Духовный порядок и духовный вакуум
Через два года после окончания Первой мировой войны я начал изучать, довольно несвязно, историю искусств и философию в университете Вены. Я не чувствовал тяги к этим предметам. Тихая академическая карьера не привлекала меня. Я ощущал стремление к более тесному соприкосновению с жизнью, я хотел войти в контакт с ней без тех тщательно продуманных, искусственных барьеров, которые люди, озабоченные своим спокойствием, любят выстраивать вокруг себя; я также желал самостоятельно найти подход к пониманию духовного порядка вещей, который, и я это знал, должен был существовать, но который я не мог пока различить.

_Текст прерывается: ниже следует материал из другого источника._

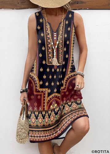 V-Neck Floral Printed Summer A-Line Elegant Dresses Womens V...
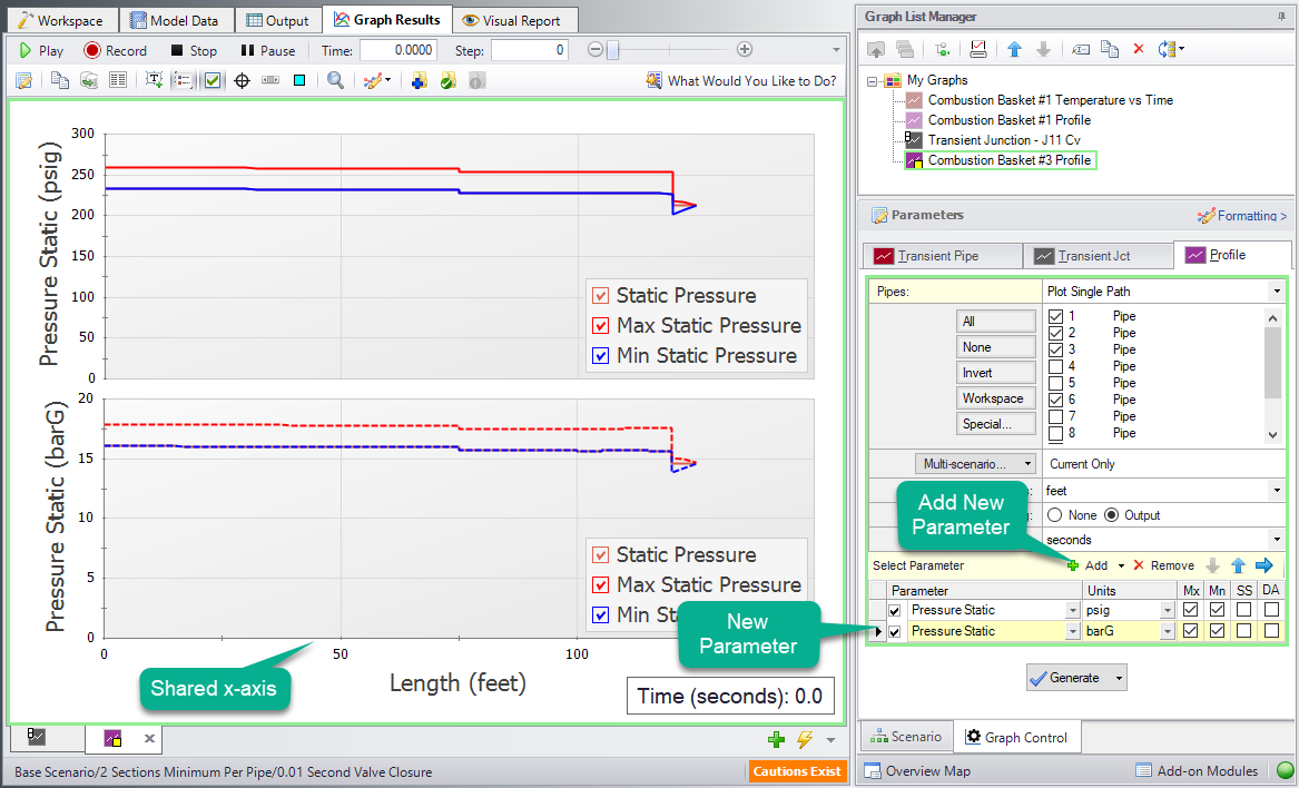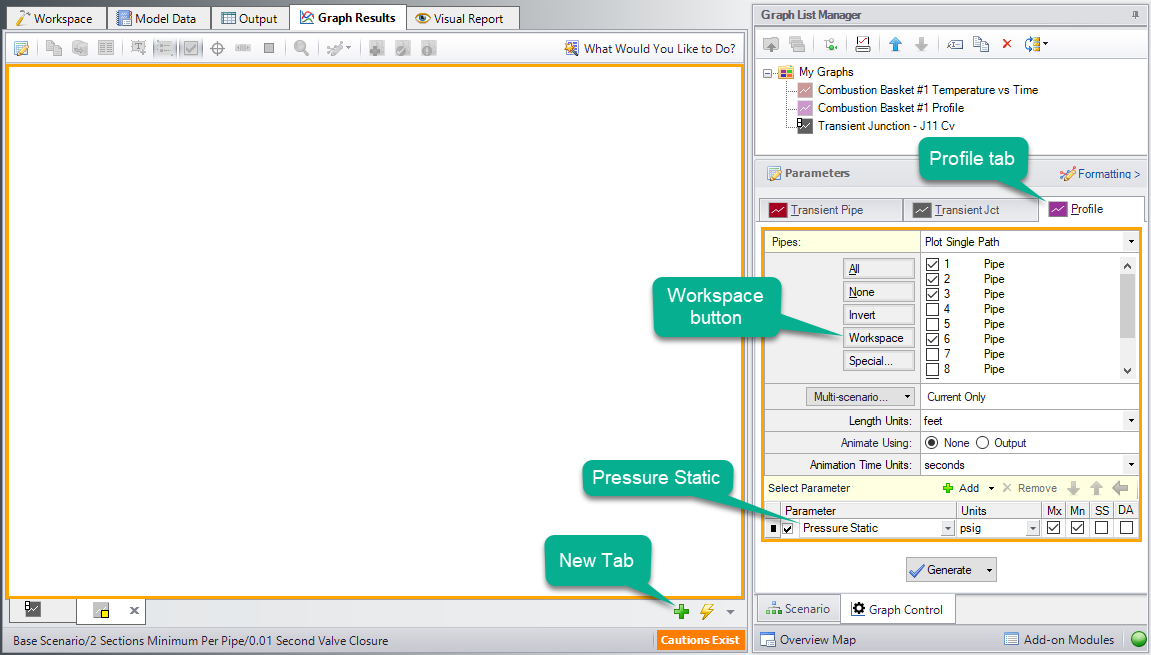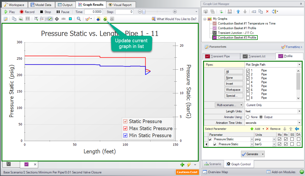The next step in the example is to make a new Graph in a separate tab. This is done by selecting the “New Tab” icon in the lower right. This Graph will be a “Profile” Graph that displays Static Pressure along the length of the flow path from the compressor through J11 and to Combustion Basket #3. Select pipes 1, 2, 3, 6, 9, 10, and 11 in the system and change the parameter to “Pressure Static” with units of length in feet and units of pressure in psig. Make sure that the Mx and Mn boxes are checked to display the maximum and minimum static pressures. Make sure "Animate Using" is set to none.

Довольно сложно объяснить, даже имея в своем обиходе зрелый лексикон, что я имел в виду тогда под «духовным порядком»; мне не приходило на ум представить проблему в известных религиозных терминах или, по правде говоря, в каких-либо других точных терминах. Моя неопределенность, если быть честным с самим собой, не происходила от меня. Это была неопределенность всего поколения.
Первые десятилетия двадцатого столетия шли под знаменем духовного вакуума. Все ценностные нормы, к которым привыкла Европа за многие столетия до этого, стали бесформенными под ужасным влиянием того, что произошло между 1914 и 1918 годами, а новых ценностей ниоткуда не предвиделось. Чувство хрупкости и ненадежности витало в воздухе — предчувствие социальных и интеллектуальных переворотов, которое вселяло сомнение в возможность обретения, когда-либо снова, стабильности в человеческих устремлениях и изысканиях мысли. Все, казалось, плыло в бесформенном потоке, духовное беспокойство молодежи не находило нигде опоры. В отсутствие какого-либо заслуживающего доверия стандарта морали никто не мог дать нам, молодым людям, удовлетворительных ответов на волнующие нас вопросы. Наука говорила: «Познание — все» — и забывала, что познание без этической цели может привести только к хаосу. Социальные реформаторы, революционеры, коммунисты, каждый из которых хотел, без сомнения, построить новый счастливый мир, думали лишь в терминах внешних, социальных и экономических, условий, и для того, чтобы восполнить этот недостаток, они возвели свою «материалистическую концепцию истории» в ранг своего рода новой, антиметафизической метафизики. Традиционно религиозные люди, с другой стороны, не знали ничего, кроме приписывания Богу качеств, выведенных с помощью собственных мыслительных шаблонов, которые уже давно стали чем-то неподатливым и бессмысленным. И когда мы, молодые люди, видели, что эти якобы божественные качества часто были в явном противоречии с тем, что происходило в мире вокруг нас, мы говорили себе: «Движущая сила судьбы, очевидно, отлична от качеств, приписываемых Богу; следовательно, Бога нет». И только весьма малому числу из нас приходило на ум то, что причина этой путаницы, возможно, лежала в произволе лицемерных защитников веры, которые оставляли за собой право «определять» Бога и, облекая Его в свои собственные одежды, отделяли Его от человека и его судьбы.
В отдельно взятом человеке эта этическая нестабильность могла привести либо к полному хаосу моральных ценностей и цинизму, либо к поиску собственного творческого пути к тому, что можно назвать хорошей жизнью.